Sound is one of the most important ways ships and submarines sense the ocean because light is quickly absorbed and scattered underwater. In seawater, sound usually travels about 1500 m/s, which is more than four times faster than in air at room temperature. It can also travel much farther in water because water particles are close together and pass vibrations efficiently.
This makes sonar useful for navigation, mapping the seafloor, finding objects, and communicating underwater.
Sound speed in the ocean is not constant because seawater changes with temperature, pressure, and salinity. Warmer water generally increases sound speed, higher pressure at greater depth increases sound speed, and saltier water increases sound speed slightly. These changes bend sound waves, a process called refraction, so sonar paths can curve through layered water.
In some ocean regions, sound can become trapped in a deep sound channel and travel for hundreds or even thousands of kilometers.
Key Facts
- Typical sound speed in air at 20°C is about 343 m/s.
- Typical sound speed in seawater is about 1500 m/s.
- Distance = speed × time, so d = vt.
- Sonar distance using an echo is distance = sound speed × echo time / 2.
- Sound speed in seawater increases when temperature, pressure, or salinity increases.
- Changing sound speed with depth causes refraction, which bends sound waves toward slower sound-speed regions.
Vocabulary
- Sonar
- Sonar is a system that uses sound waves to detect, locate, or communicate with objects underwater.
- Sound speed
- Sound speed is the rate at which a sound wave travels through a material.
- Refraction
- Refraction is the bending of a wave when its speed changes as it enters a different region or layer.
- Salinity
- Salinity is the amount of dissolved salt in water, usually measured in parts per thousand.
- Sound channel
- A sound channel is a layer of the ocean where sound waves can be guided over long distances by refraction.
Common Mistakes to Avoid
- Using the speed of sound in air for underwater problems. This is wrong because sound travels much faster in seawater, about 1500 m/s instead of about 343 m/s.

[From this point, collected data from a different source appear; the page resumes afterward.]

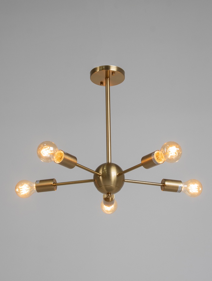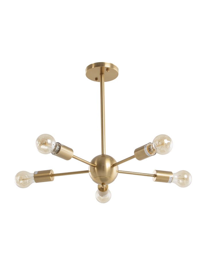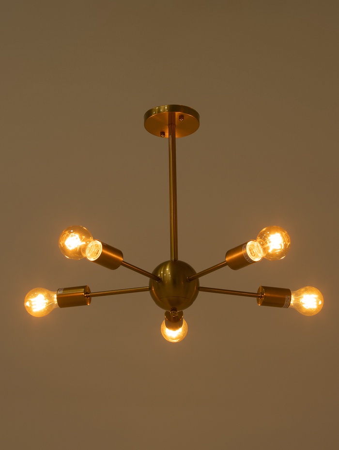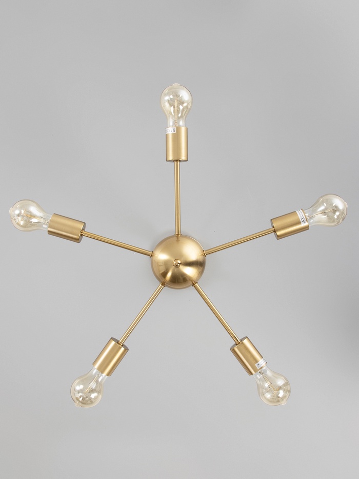 Золотое сияние для вашего интерьера! Люстра на 5 ламп с золотым покрытием — это стильный источник света, создающий уютную и торжественную атмосферу. Конструкция без плафонов подчеркивает геометрию светильника и обеспечивает яркое, ничем не сдерживаемое освещение.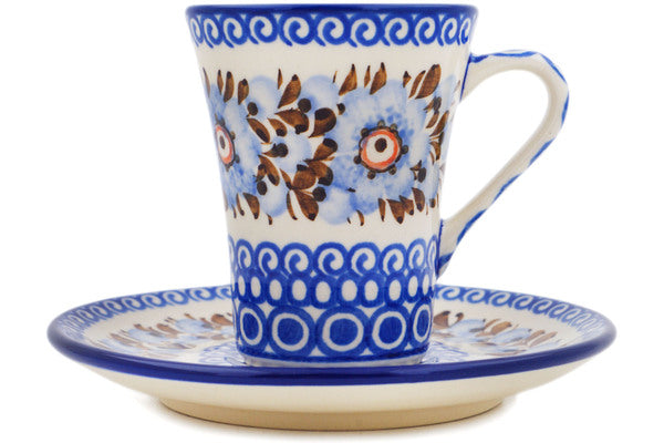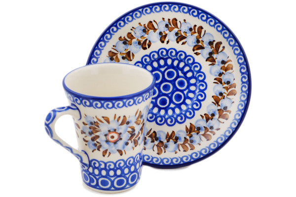 Polish Pottery 5 oz Cup with Saucer Brown And Blue Beauty UNIKAT
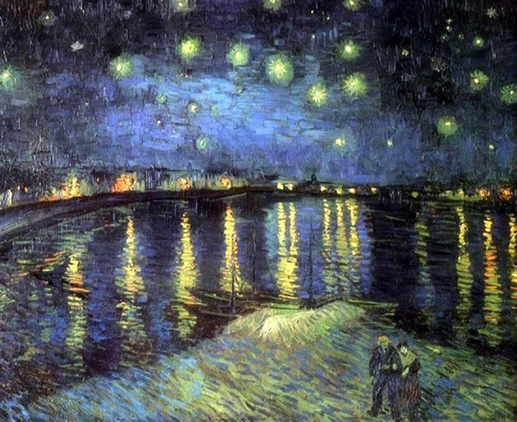 태양이 지고 나면 노란 햇빛이나 활짝 핀 해바라기도 더 이상 눈에 보이지 않는다. 하지만 곧 사물의 실루엣이 눈에 들어오기 시작하고, 하늘은 깊은 푸른 색으로 물들며, 노란 별빛과 달빛이 떠오른다. 낮의 풍경만을 그렸던 대부분의 화가들과 달리, 고흐는 이런 밤하늘을 꿈꾸며 밤의 풍경 또한 자주 그렸다.

- Forgetting to divide echo time by 2 in sonar distance problems. The measured time is for the sound to travel to the object and back, so the one-way distance is half the total travel distance.
- Thinking deeper water always makes sound slower. This is wrong because increasing pressure with depth tends to increase sound speed, although temperature changes can also affect the result.
- Assuming sound waves always travel in straight lines underwater. This is wrong because layers with different temperature, pressure, and salinity can refract sound and curve its path.
Practice Questions
- 1 A submarine sends a sonar pulse and receives the echo 4.0 s later. If the sound speed in seawater is 1500 m/s, how far away is the object?
- 2 A sound travels 12,000 m through seawater at 1500 m/s. How long does the trip take?
- 3 A sonar wave passes from warm surface water into colder water below, where sound speed is lower. Explain why the wave bends and how this can affect what a ship or submarine detects.